• DATA SHOWN
---
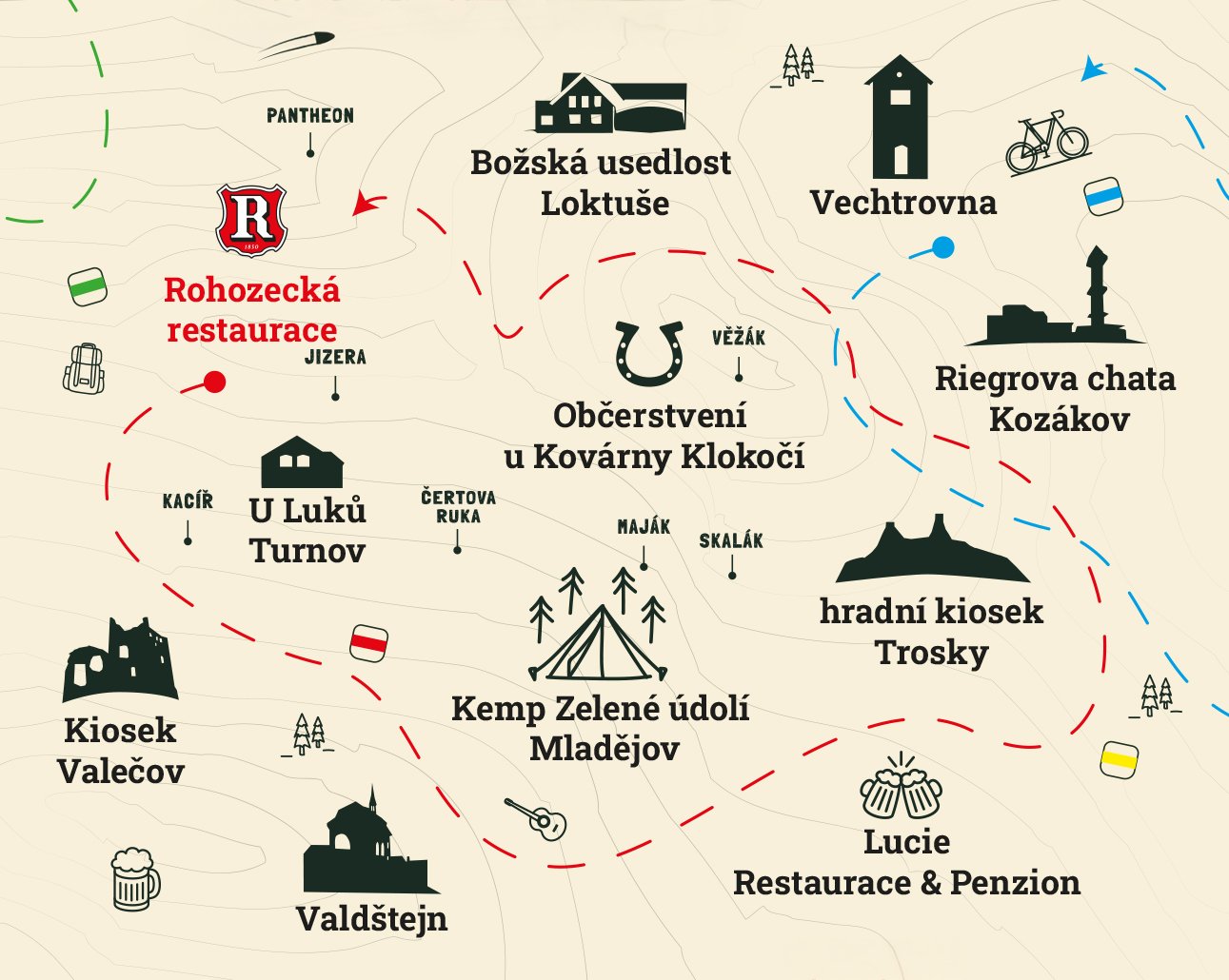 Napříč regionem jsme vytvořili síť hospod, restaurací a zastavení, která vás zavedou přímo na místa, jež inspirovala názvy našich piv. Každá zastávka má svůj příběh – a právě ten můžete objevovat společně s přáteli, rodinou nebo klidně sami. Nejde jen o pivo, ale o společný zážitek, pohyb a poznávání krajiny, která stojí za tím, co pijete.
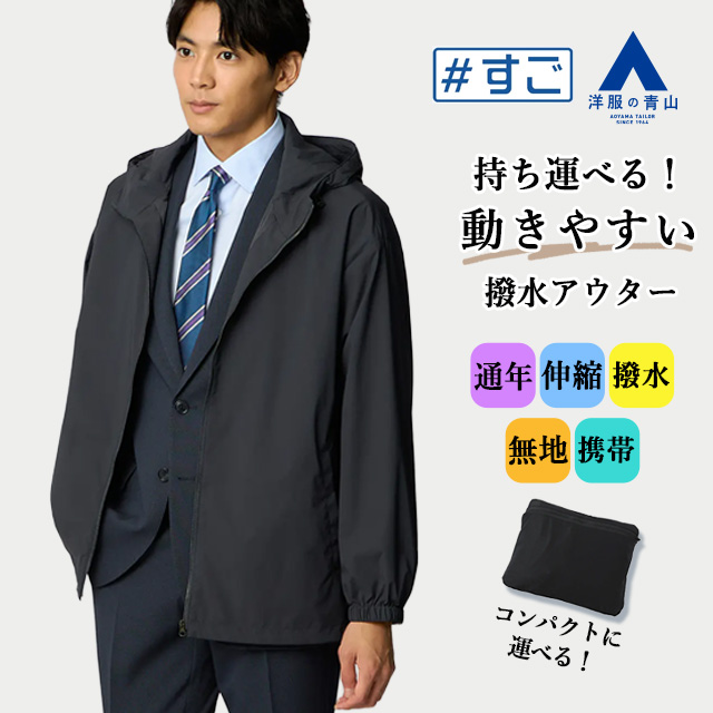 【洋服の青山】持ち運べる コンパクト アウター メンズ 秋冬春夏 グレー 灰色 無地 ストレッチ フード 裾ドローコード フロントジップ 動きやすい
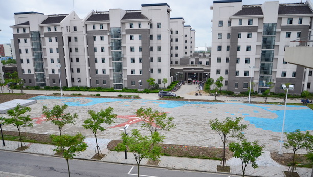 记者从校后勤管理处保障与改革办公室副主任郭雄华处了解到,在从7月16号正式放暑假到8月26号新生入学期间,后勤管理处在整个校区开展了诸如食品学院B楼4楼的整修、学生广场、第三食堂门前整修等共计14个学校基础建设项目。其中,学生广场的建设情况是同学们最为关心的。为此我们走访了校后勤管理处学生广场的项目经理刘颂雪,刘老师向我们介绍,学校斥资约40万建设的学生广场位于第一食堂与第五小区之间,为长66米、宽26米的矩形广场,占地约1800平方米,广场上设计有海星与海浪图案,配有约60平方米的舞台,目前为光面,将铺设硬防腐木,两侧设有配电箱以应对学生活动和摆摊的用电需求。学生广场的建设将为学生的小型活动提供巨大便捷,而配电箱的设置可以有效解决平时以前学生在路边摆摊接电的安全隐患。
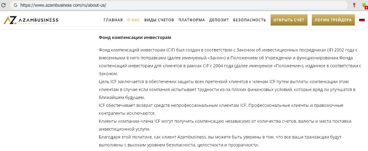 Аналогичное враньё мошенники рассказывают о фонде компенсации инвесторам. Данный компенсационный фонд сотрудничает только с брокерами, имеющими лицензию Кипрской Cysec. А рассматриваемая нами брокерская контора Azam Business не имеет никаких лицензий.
---
• TASK TO COMPLETE
A word-for-word copy is needed, starting at the first line of the listing and ending with the line bearing "裾ドローコード フロントジップ 動きやすい". No pictures.

• ANSWER TO THIS EXERCISE
 Napříč regionem jsme vytvořili síť hospod, restaurací a zastavení, která vás zavedou přímo na místa, jež inspirovala názvy našich piv. Každá zastávka má svůj příběh – a právě ten můžete objevovat společně s přáteli, rodinou nebo klidně sami. Nejde jen o pivo, ale o společný zážitek, pohyb a poznávání krajiny, která stojí za tím, co pijete.
 【洋服の青山】持ち運べる コンパクト アウター メンズ 秋冬春夏 グレー 灰色 無地 ストレッチ フード 裾ドローコード フロントジップ 動きやすい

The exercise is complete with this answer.